▶ _Required action_
Repeat everything in the listing exactly, except for the images.

▶ _Data segment_
%%

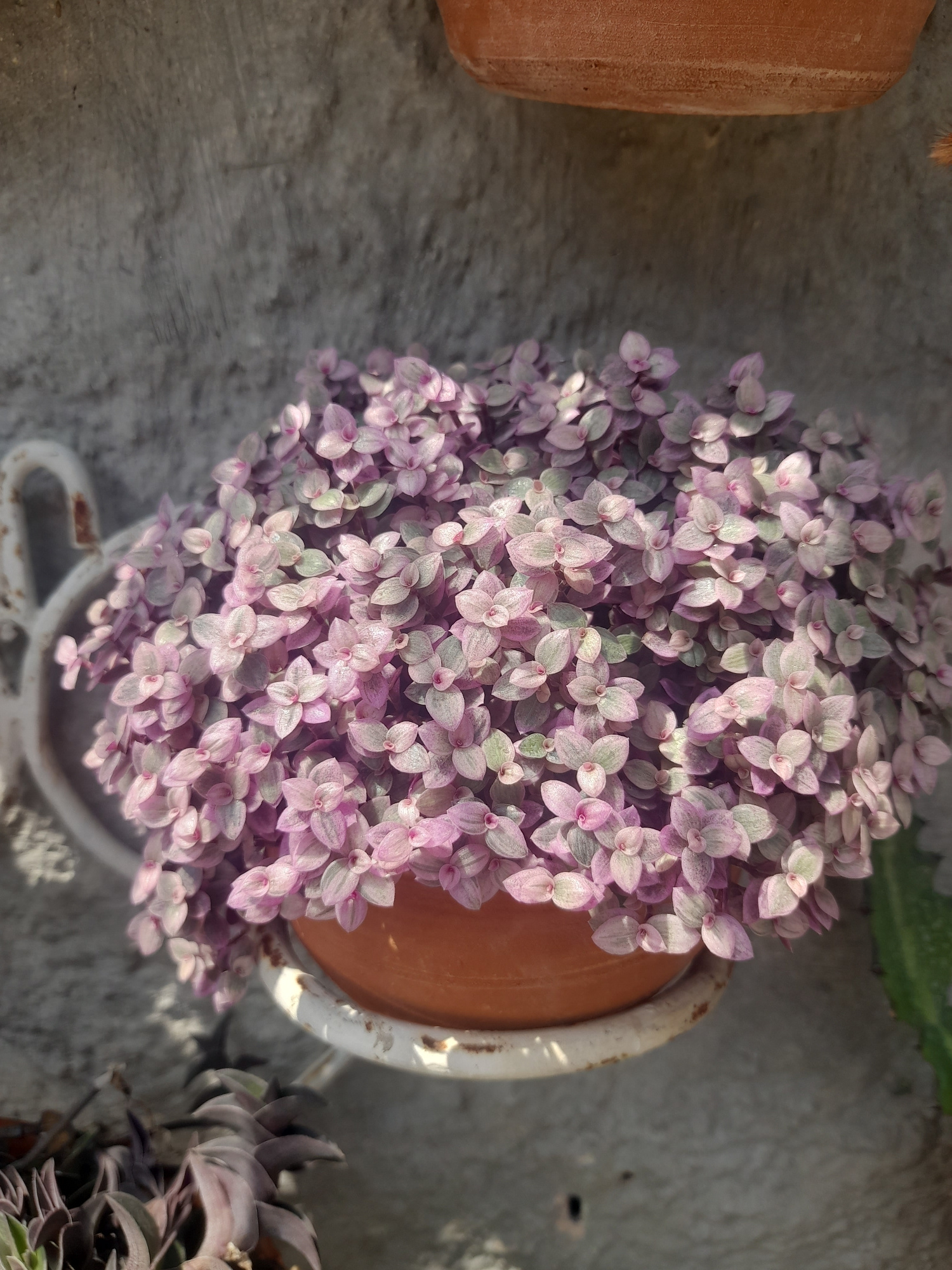 The image shows a plant in a pot. The plant has small, pink and green leaves. The pot is brown and white, and it appears to be old and slightly rusted. The plant is located on a grey surface, which co…read more
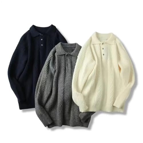 More information about Men’S Retro Jacquard Knit Sweater Thick Long Sleeve Lapel Collar Casual Pullover Jumper Tops
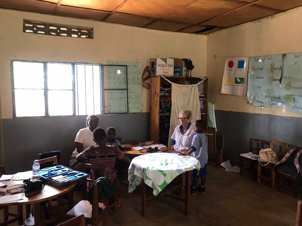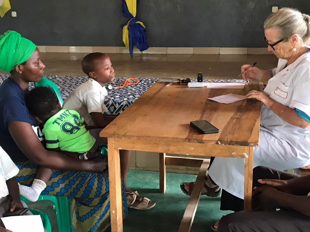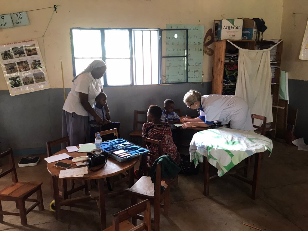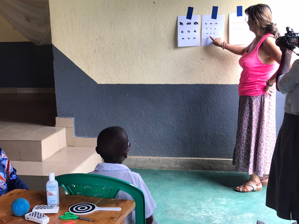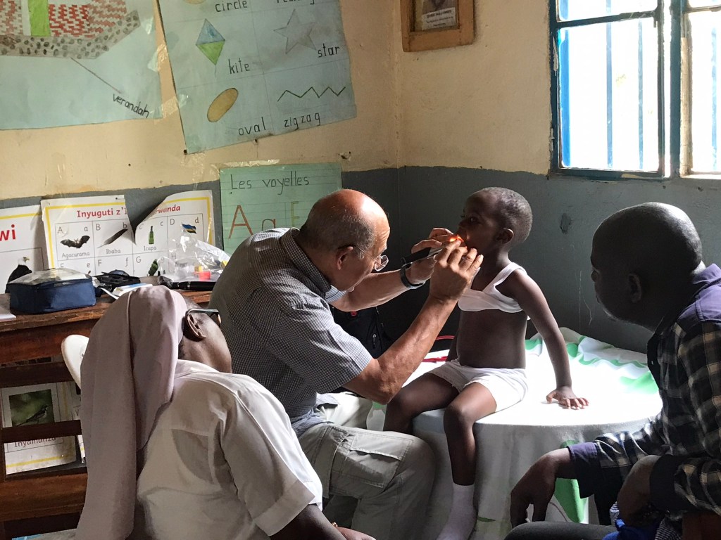 – de dépistage de problèmes potentiels de santé, notamment déficits visuels, auditifs, nutritifs…… lors de consultations de nombreux enfants accompagnés de leurs parents.
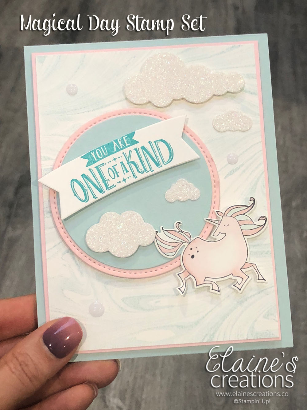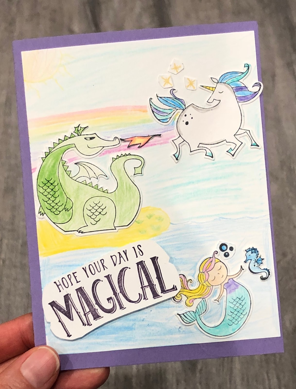 My daughter is in love with unicorns, mermaids, and all things magical. One day she was having a bad day, so I pulled out the Magical Day stamp set for her to make a card with. Her spirits lifted and she happily created a card using the unicorn, mermaid, seahorse and dragon. The next day she gave me the card and said, “Thank you Mommy, for helping me feel better.” Melted my heart. So this Magical Day stamp set is magical to me. 🙂

%%

▶ _Response to this exercise_
 The image shows a plant in a pot. The plant has small, pink and green leaves. The pot is brown and white, and it appears to be old and slightly rusted. The plant is located on a grey surface, which co…read more
 More information about Men’S Retro Jacquard Knit Sweater Thick Long Sleeve Lapel Collar Casual Pullover Jumper Tops
 – de dépistage de problèmes potentiels de santé, notamment déficits visuels, auditifs, nutritifs…… lors de consultations de nombreux enfants accompagnés de leurs parents.
 My daughter is in love with unicorns, mermaids, and all things magical. One day she was having a bad day, so I pulled out the Magical Day stamp set for her to make a card with. Her spirits lifted and she happily created a card using the unicorn, mermaid, seahorse and dragon. The next day she gave me the card and said, “Thank you Mommy, for helping me feel better.” Melted my heart. So this Magical Day stamp set is magical to me. 🙂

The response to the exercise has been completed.